8. The governing body of any city having a population of twenty-five thousand persons or more may use the provisions of subsection 3 to provide funds to participate in the cost of any construction, improvement, financing, and planning of any bypass routes, interchanges, or other intersection improvements on a federal or state highway system which is situated in whole or in part outside of the corporate limits of the city; provided, that the governing body thereof shall determine by resolution that the undertaking of such work is in the best interest of the city for the purpose of providing access and relieving congestion or improving traffic flow on municipal streets.

9. The governing body of a municipality or other political subdivision, located at least in part within a county that is included within a disaster or emergency executive order or proclamation of the governor under chapter 37-17.1, may by resolution adopted by a two-thirds vote authorize and issue general obligation bonds of the political subdivision without an election for the purpose of providing funds to pay costs associated with the emergency condition. The political subdivision may dedicate and levy taxes for retirement of bonds under this subsection and such levies are not subject to limitations as otherwise provided by law.

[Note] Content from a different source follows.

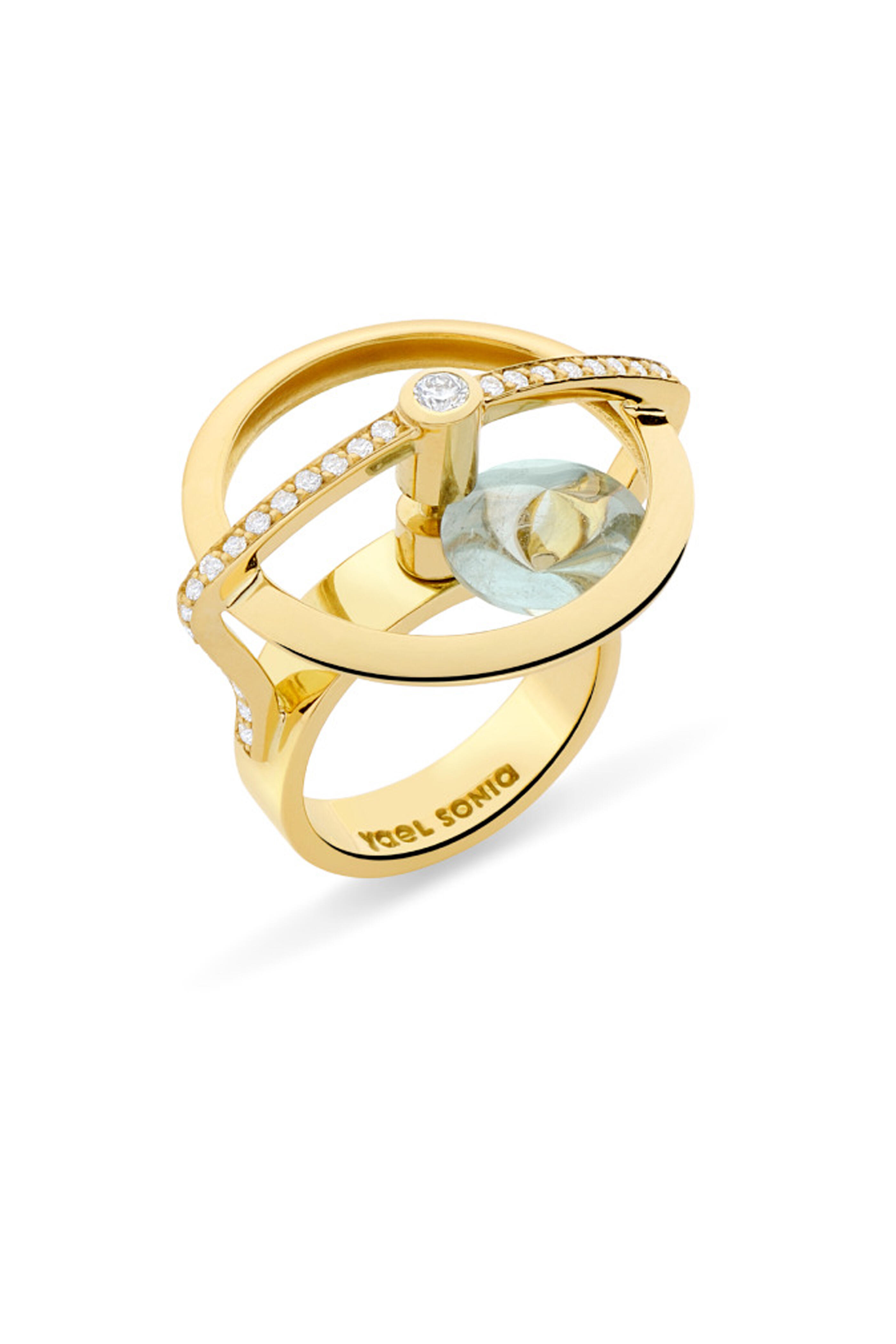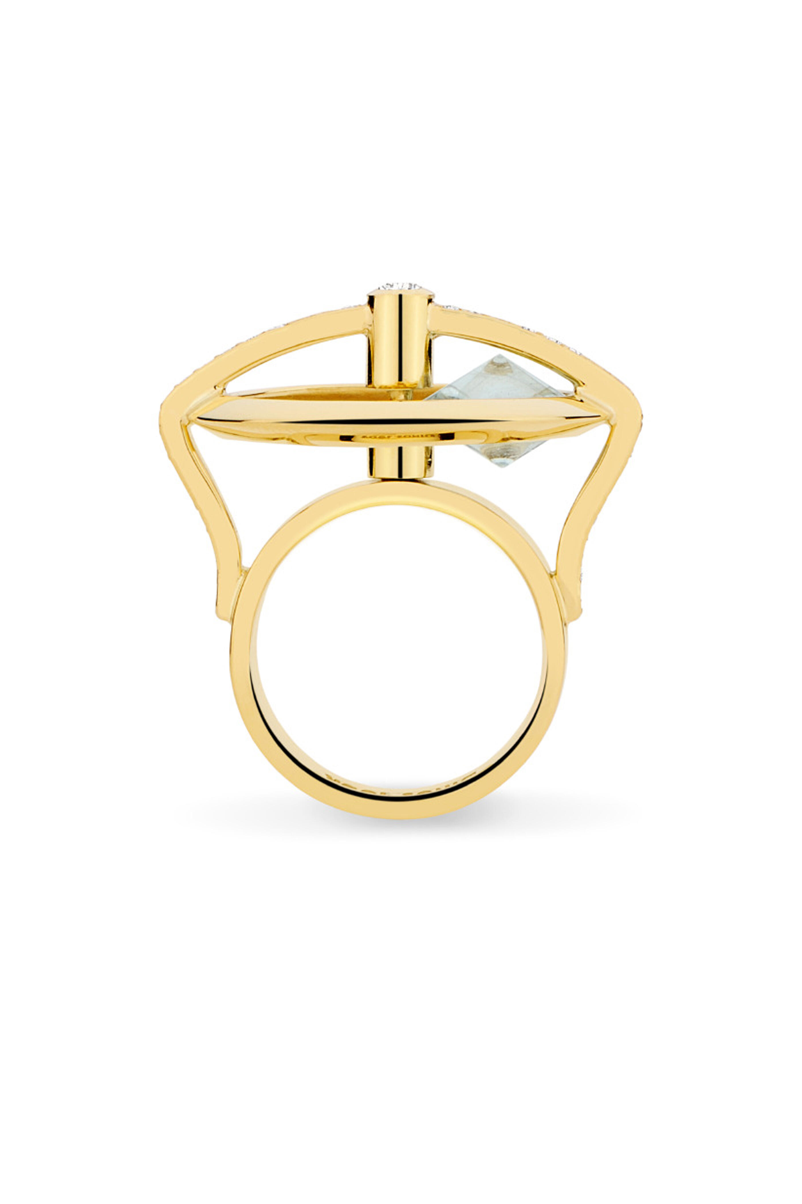 18k yellow gold. Diamond 0.43 total carat weight. Blue topaz 3.67 total carat weight. Custom-cut to echo silhouette of a spinning top. Blue topaz stone whirls around with every movement. Diamond center. Gold bezel. Prong setting. Spinning top collection. One of a kind. Made in New York. Call for ring size. Top circle diameter: 2.5 cm. Top circle height: 1.3 cm.

10. The governing board of any county, city, public school district, park district, or township may by resolution adopted by a two-thirds vote dedicate the tax levy authorized by section 57-15-41 and authorize and issue general obligation bonds to be paid by the dedicated levy for the purpose of providing funds to prepay outstanding special assessments made in accordance with the provisions of title 40 against property owned by the county, city, public school district, park district, or township.

11. The governing body of any park district that constitutes a distinct municipality may issue general obligation bonds of the park district for the purpose of providing funds to acquire, lay out, and improve parks, parkways, boulevards, and pleasure drives, and to acquire land for these purposes, but the indebtedness may not at any time exceed one percent of the assessed valuation of the taxable property in the park district. The initial resolution authorizing the issuance of general obligation bonds under this subsection must be published in the official newspaper of the park district, and any    owner of taxable property within the park district may, within sixty days after publication, file with the clerk of the park district a protest against the adoption of the resolution. Protests must be in writing and must describe the property that is the subject of the protest. If the governing body finds the protests have been signed by the owners of taxable property having an assessed valuation equal to five percent or more of the assessed valuation of all taxable property within the park district, as last finally equalized, all further proceedings under the initial resolution are barred.